FIG. 10B is a diagram showing the amplitude state of the diaphragm 41 when the positive
voltage of the alternating current signal is applied to the opposite fixed electrode portion 51 and
the negative voltage of the alternating current signal is applied to the opposite fixed electrode
portion 52. The central portion of the diaphragm 41 is formed of the opposing fixed electrode
portion 52 by the electrostatic force (suction force) between the opposing fixed electrode portion
52 and the electrostatic force (repulsion force) between the opposing fixed electrode portion 51.

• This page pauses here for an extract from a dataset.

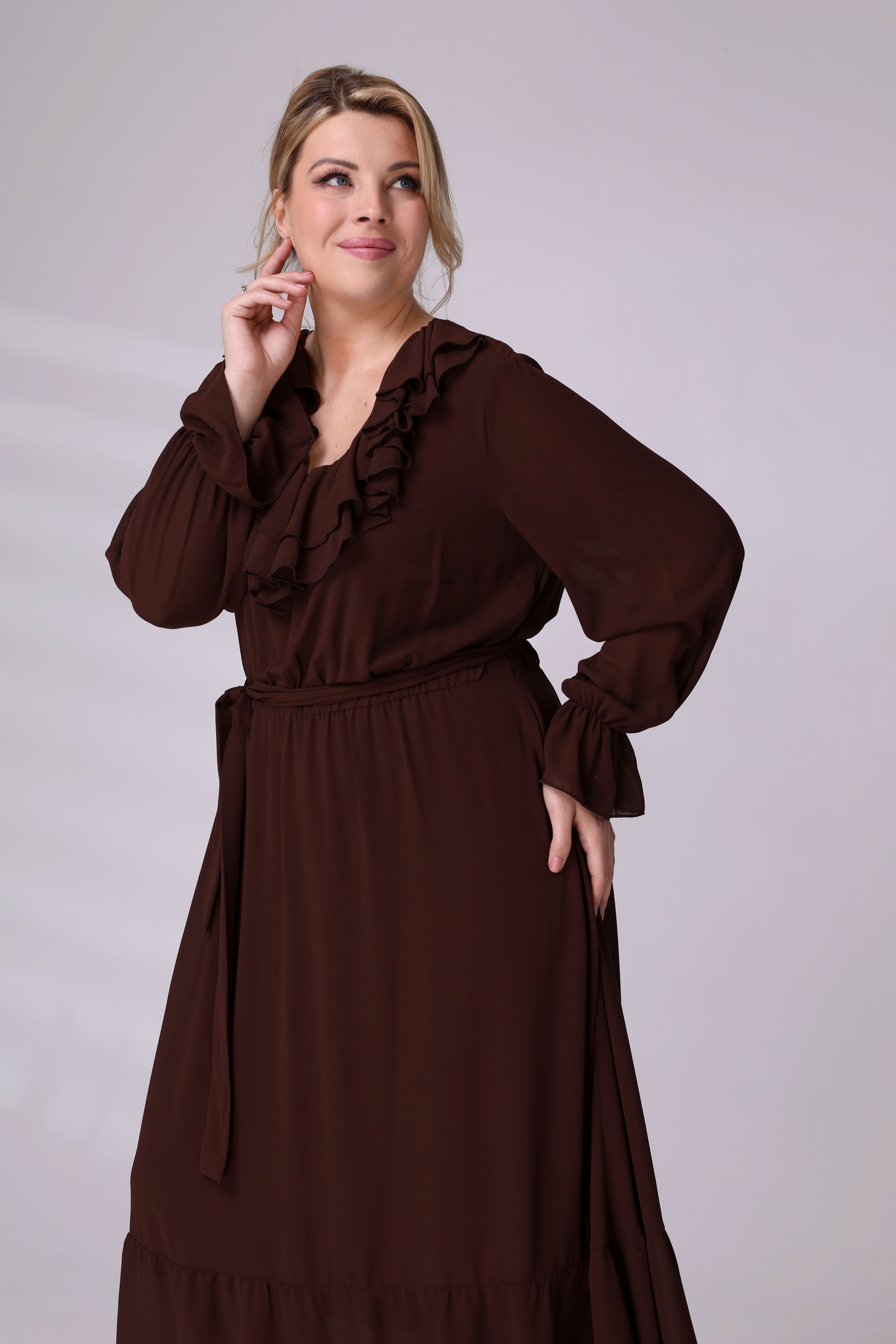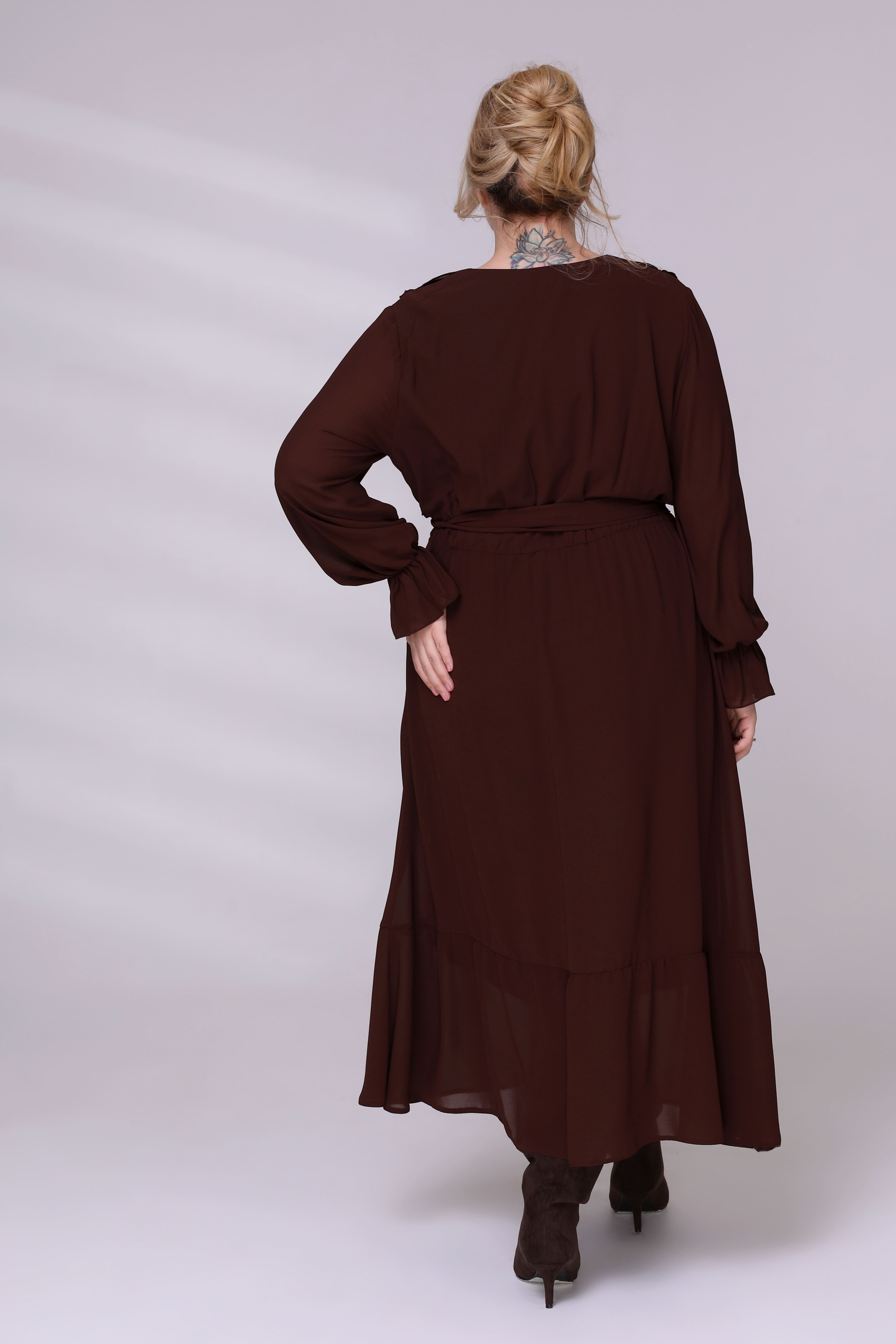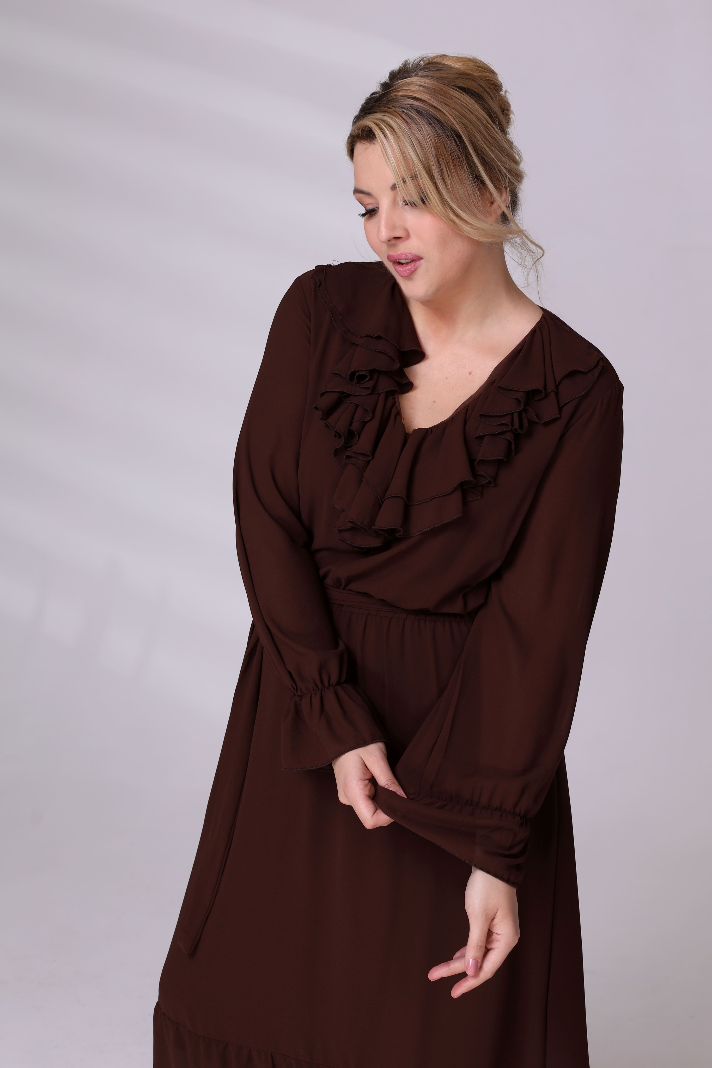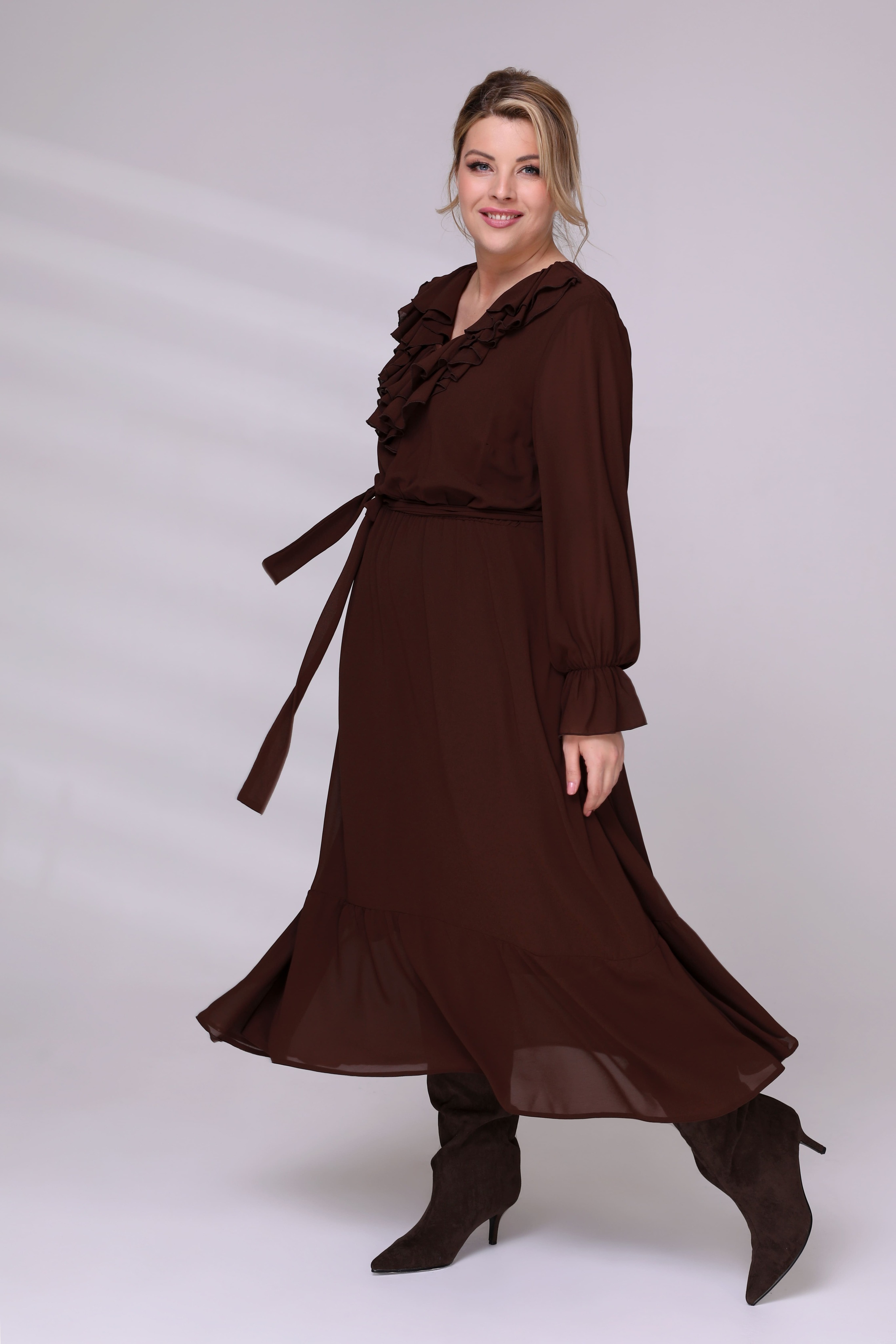 Платье на резинке с рюшами на вороте коричневое

Be drawn in the direction.
FIG. 10C is a diagram showing the amplitude state of the vibrating membrane 41 when the
negative voltage of the alternating current signal is applied to the opposite fixed electrode
portion 51 and the positive voltage of the alternating current signal is applied to the opposite
fixed electrode portion 52. The central portion of the vibrating film 41 is directed in the direction
of the opposite fixed electrode 51 by the electrostatic force (suction force) between the opposite
fixed electrode 51 and the electrostatic force (repulsion) between the opposite fixed electrode 52.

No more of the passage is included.